2D cytotoxicity assay
Tumor cells (7,500 to 15,000 cells/well) were seeded per 96-well in RPMI containing 10% (v/v) FCS and P/S (1:100) and were incubated 24 h at 37°C/5% (v/v) CO2. In addition, PBMCs were thawed and cultivated in a cell culture dish (10 cm) in 10 mL RPMI with 10% (v/v) FCS overnight. Serial dilutions of tri- or bispecific antibodies in RPMI containing 10% (v/v) FCS and P/S (1:100) were pre-incubated with the tumor cells for 15 min. Subsequently, PBMCs from different donors were added to the tumor cells in an effector-to-target ratio of 10:1 and incubated for 3 days. Supernatant was then discarded and remaining viable tumor cells were stained with crystal violet and optical density at 550 nm was measured using the Tecan Spark (Tecan).
3D spheroid killing assay
BT474 cells (1,000 cells/well) were seeded on poly-HEMA coated U-bottom 96-well plates to prevent cell attachment in RPMI + 10% (v/v) FCS + P/S (1:100) and left 24 h at 37°C/5% (v/v) CO2 to form compact spheroids. In addition, PBMCs were thawed and cultivated in a cell culture dish (10 cm) in 10 mL RPMI with 10% (v/v) FCS overnight. The next day, spheroids were treated with different dilutions of tri- or bispecific antibodies as well as 1 µg/mL PI and pre-incubated for 15 min at 37°C/5% (v/v) CO2. Different numbers of PBMCs were added to the spheroids. Target cell killing was observed via PI staining intensity at the IncuCyte every 2 h for two days. Images were analyzed using Fiji (Open Source).

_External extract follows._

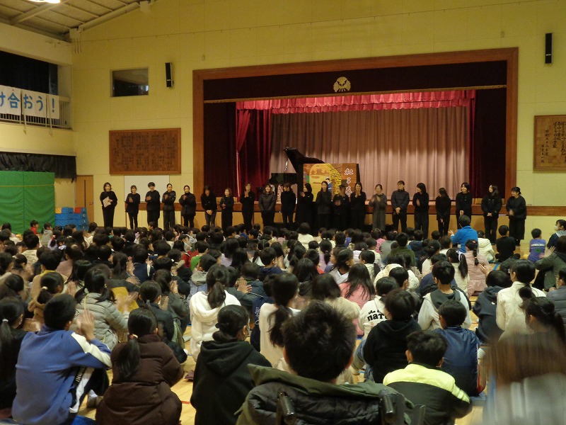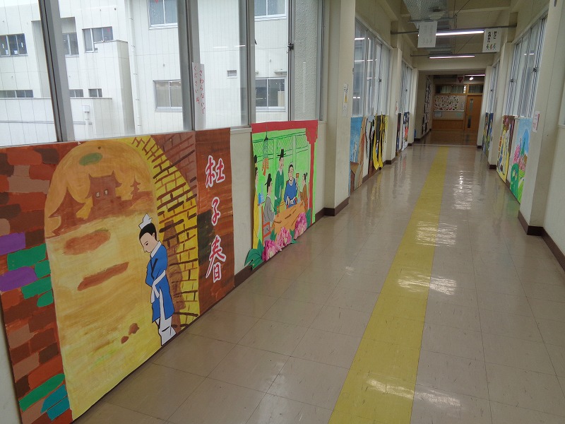 今日はおはなしぶらんこさんによる、朝の読み聞かせと、4校時には大型絵本の読み聞かせがありました。大型絵本の読み聞かせは、体育館で行われました。映画館のような暗い空間で、どんなお話が始まるのかとわくわくした気持ちで子どもたちは待っていました。「杜子春」という中国が舞台の物語で、主人公の杜子春が、仙人との出会いを通じて、自分にとって本当に大切なものを見つけていくというお話でした。引き込まれる朗読、迫力のある音響、場面の様子に合わせた照明、そしてなんといっても何ヶ月もかけて作り上げられた素晴らしい場面絵、とてもとても素敵なお話会になりました。お話の後、場面絵が2階の中央廊下に掲示され、廊下を通るたびにお話を思い出すことができます。ボランティアの皆様、子どもたちの読書活動を支えてくださり本当にありがとうございます。きっと子どもたちの思い出に深く残ったことと思います。そして、今後子どもたちがいろいろな本に手を伸ばしてくれたら嬉しいと感じました。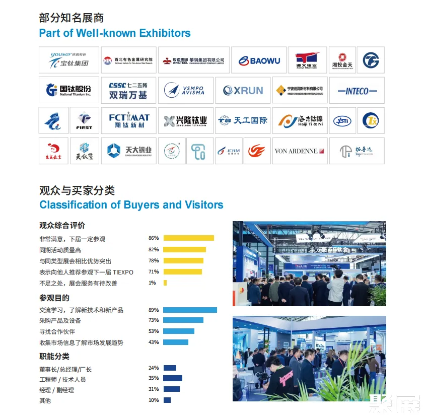 中国国际钛业展览会(TIEXPO)秉持长期为行业发展服务为宗旨,以市场需求为导向,深度整合行业资源,不断创新办展模式,提升展会运行质量,影响力和关注度逐年增强。钛博会吸引了来自德国、美国、俄罗斯、意大利、日本、韩国等十多个国家和地区的近223家单位参展,国内外专业观众达21600人。

IL-2, IFNγ, IL-6 and TNFα release
Target cells were incubated with bi- or trispecific antibodies and PBMCs at an effector-to-target ratio of 10:1. After 24 h or 48 h, supernatants were harvested for quantification of IL-2, IL-6 and TNFα or IFNγ, respectively. Supernatant cytokine levels were quantified via by sandwich ELISA following the manufacturer’s instructions (IL-2/IFNγ/TNFα Duo Set ELISA; R&D Systems; ELISA MAX Standard Set human IL-6; BioLegend).
Statistics
All data are represented as mean ± SD for n=3 if not indicated otherwise. For co-culture experiments analyzing the T-cell activation, two different donors were tested. Significances were analyzed with GraphPad Prism 8 using an unpaired two-tailed t test for the analysis of two samples or a one-way ANOVA followed by Tukey multiple comparison test (posttest) for the analysis of more than two samples.
Results
Generation of bivalent bispecific and trivalent trispecific antibodies
A trispecific, trivalent eFab-eIg molecule was generated by fusing a Fab directed against HER2 [derived from trastuzumab (24)] to a Fc-hole chain and a tandem arrangement of eFabs (eFab1-eFab2) to a Fc-knob chain. The first (inner) eFab-1 is directed against CD3 using a humanized version of UCHT1 (25) and the second (outer) eFab-2 derived from the antibody 3–43 is directed against HER3 (26). In this design, each eFab comprises two heterodimerizing EHD2 (hetEHD2 domains substituting CH1 and CL). In the eFab1, the heavy chain hetEHD2 carries a C14S mutation, thus possessing only C102 at the interphase, while the light hetEHD2 carries a C102S mutation, thus possessing only C14 at the interphase. In eFab2 these mutations are reversed. As control proteins, bispecific, bivalent eIg molecules directed against HER2 and CD3, or HER3 and CD3, respectively, were generated (Figures 1A, B). All three molecules were produced in transiently transfected HEK293-6E cells and purified from the supernatant with yields of 6.4 mg/L supernatant for the eFab-eIg, 6.7 mg/L for eIg HER2xCD3, and 9.2 mg/L for eIg HER3xCD3. SDS-PAGE analyses confirmed correct assembly into eIg molecules and the presence of the individual polypeptide chains (Figure 1C). Purity of >95% was further confirmed by size-exclusion chromatography showing a single main peak with an apparent molecular mass of approximately 190 to 200 kDa for both eIgs and approximately 310 kDa for the eFab-eIg (Figure 1D). In addition, we have also tested the thermal stability of the different molecules by dynamic light scattering (DLS) (Supplementary Figure S1). Here, we calculated an aggregation point of the trispecific eFab-eIg molecule with 75°C (as well as for trastuzumab, IgG huU3 and eIg HER2xCD3), while one of the parental monospecific antibody IgG 3–43 and the bispecific eIg HER3xCD3 showed a lower aggregation point at 64°C and 63°C, respectively. Thus, the aggregation point originating from variable domains of targeting HER3 was not observed for the trispecific eFab-eIg molecule.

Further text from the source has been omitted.